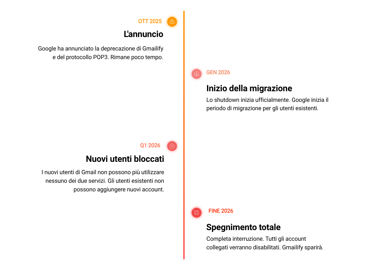 Durante il primo trimestre del 2026, nuovi utenti di Gmail vengono bloccati dall'utilizzare i due servizi e non possono essere aggiunte nuove email, nemmeno per gli utenti attuali. Google inizia a disabilitare gli account connessi per gli utenti attuali in lotti. E con la completa interruzione di Gmailify e della funzione "Verifica la posta da altri account" di Gmail alla fine del 2026, gli utenti si vedranno costretti a passare al forward email o utilizzare un client email completo il prima possibile.
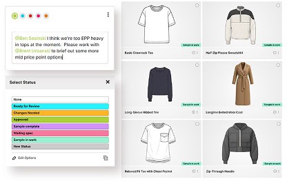 Organize sketches, swatches, photos, and 3D models into interactive boards to plan and showcase your collections, with a clear view that drives faster decisions and eliminates spreadsheets.
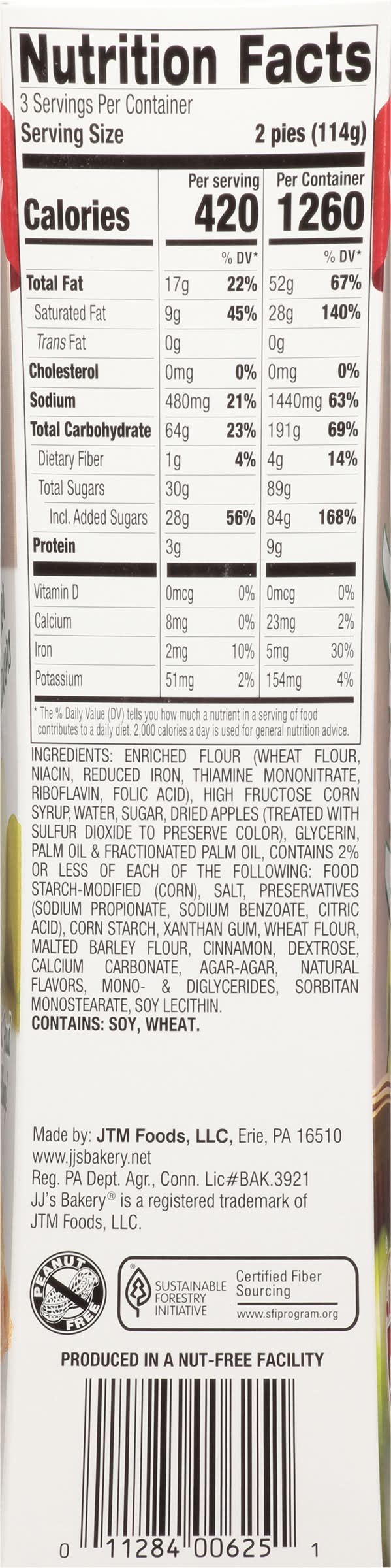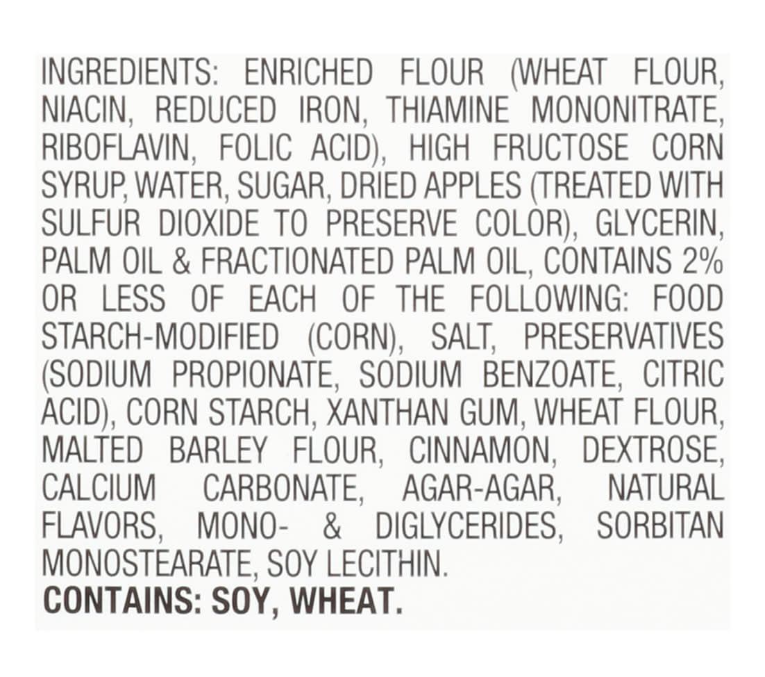 Ingredients: Enriched Flour (Wheat Flour, Niacin, Reduced Iron, Thiamine Mononitrate, Riboflavin, Folic Acid), High Fructose Corn Syrup, Water, Sugar, Dried Apples (Treated with Sulfur Dioxide to Preserve Color), Glycerin, Palm Oil & Fractionated Palm Oil, Contains 2% or Less of Each of the Following: Food Starch-Modified (Corn), Salt, Preservatives (Sodium Propionate, Sodium Benzoate, Citric Acid), Corn Starch, Xanthan Gum, Wheat Flour, Malted Barley Flour, Cinnamon, Dextrose, Calcium Carbonate, Agar-Agar, Natural Flavors, Mono- & Diglycerides, Sorbitan Monostearate, Soy Lecithin Contains: 'Contains Soybeans', 'Contains Wheat'
============================================================
What this task involves: Once the pictures are set aside, give every line above again without alteration.

Worked solution:
 Durante il primo trimestre del 2026, nuovi utenti di Gmail vengono bloccati dall'utilizzare i due servizi e non possono essere aggiunte nuove email, nemmeno per gli utenti attuali. Google inizia a disabilitare gli account connessi per gli utenti attuali in lotti. E con la completa interruzione di Gmailify e della funzione "Verifica la posta da altri account" di Gmail alla fine del 2026, gli utenti si vedranno costretti a passare al forward email o utilizzare un client email completo il prima possibile.
 Organize sketches, swatches, photos, and 3D models into interactive boards to plan and showcase your collections, with a clear view that drives faster decisions and eliminates spreadsheets.
 Ingredients: Enriched Flour (Wheat Flour, Niacin, Reduced Iron, Thiamine Mononitrate, Riboflavin, Folic Acid), High Fructose Corn Syrup, Water, Sugar, Dried Apples (Treated with Sulfur Dioxide to Preserve Color), Glycerin, Palm Oil & Fractionated Palm Oil, Contains 2% or Less of Each of the Following: Food Starch-Modified (Corn), Salt, Preservatives (Sodium Propionate, Sodium Benzoate, Citric Acid), Corn Starch, Xanthan Gum, Wheat Flour, Malted Barley Flour, Cinnamon, Dextrose, Calcium Carbonate, Agar-Agar, Natural Flavors, Mono- & Diglycerides, Sorbitan Monostearate, Soy Lecithin Contains: 'Contains Soybeans', 'Contains Wheat'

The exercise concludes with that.